NASA doles out half a million in taxpayer dollars for far-out alien detection program at Georgetown

The District of Columbia receives more taxpayer-funded grant dollars per-person than any other city in the country.

Published: November 6, 2020 12:57pm

Updated: November 8, 2020 10:15am

The Golden Horseshoe is a weekly designation from Just the News intended to highlight egregious examples of wasteful taxpayer spending by the government. The award is named for the horseshoe-shaped toilet seats for military airplanes that cost the Pentagon a whopping $640 each back in the 1980s. 

This election week, our award is going to the District of Columbia’s non-voting member of Congress Eleanor Holmes Norton for her role in securing more than half a million taxpayer dollars to ponder new and unconventional alien life detection techniques.

According to a recently released report from Open the Books, in 2019, the National Aeronautics and Space Administration (NASA) awarded $549,974 to a Georgetown University program — a school with a $1.7 billion endowment — with a focus on new methods for the detection of alien life. 

The half a million dollars of taxpayer money was part of a larger $7 million grant by NASA's astrobiology program, designed to help "bring together theoreticians and experimentalists as an incubator for new agnostic life detection approaches; create a common training set of biotic and abiotic test substrates; establish likelihoods and thresholds with probabilistic models; and develop a broader formulation of the ladder of life," according to the grant's description.

One of the project's leaders, Assistant Professor of Biology at Georgetown Sarah Stewart Johnson says of the project, "We only have one data point: life as we know it."

Her goal with this new funding is to think outside of the box as she attempts to detect "life as we don't know it."

The program aims to "merge the broad and narrow ends of the life detection spectrum into a collective dialogue, one that will help us synthesize prioritize evaluate and strengthen the search for life on future space missions.”

According to the report, Washington, D.C., where Georgetown University is located, is the nation's leading recipient of grant dollars per-person.
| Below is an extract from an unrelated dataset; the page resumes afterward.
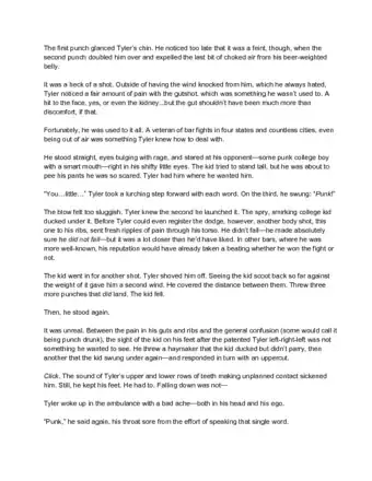 - A fight scene should always advance the plot of the story or reveal character. It should provide crucial information to the reader about the characters involved in the fight.

Between the fiscal years of 2017 and 2019, the nation's capital received more than $58,000 per person in taxpayer-funded grants, far exceeding the second place finisher, Alaska, with a total of less than $18,000 per-person. 
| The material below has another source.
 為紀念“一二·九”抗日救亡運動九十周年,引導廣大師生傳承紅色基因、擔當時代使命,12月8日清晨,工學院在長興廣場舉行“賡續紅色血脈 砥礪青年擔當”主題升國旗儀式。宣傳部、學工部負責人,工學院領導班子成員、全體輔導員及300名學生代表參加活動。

In those same years, NASA was responsible for doling out $3,256,284,674 in grant awards. 

With a contentious and exceedingly messy election befalling the American people, detecting potentially habitable planets beyond earth may, in some ways, seem like a worthwhile investment. However, at a time when the national debt exceeds $27 trillion and Georgetown University appears to have ample cash of its own on hand, a rarefied expert dialogue on redefining extraterrestrial life detection seems like a questionable use of taxpayer dollars.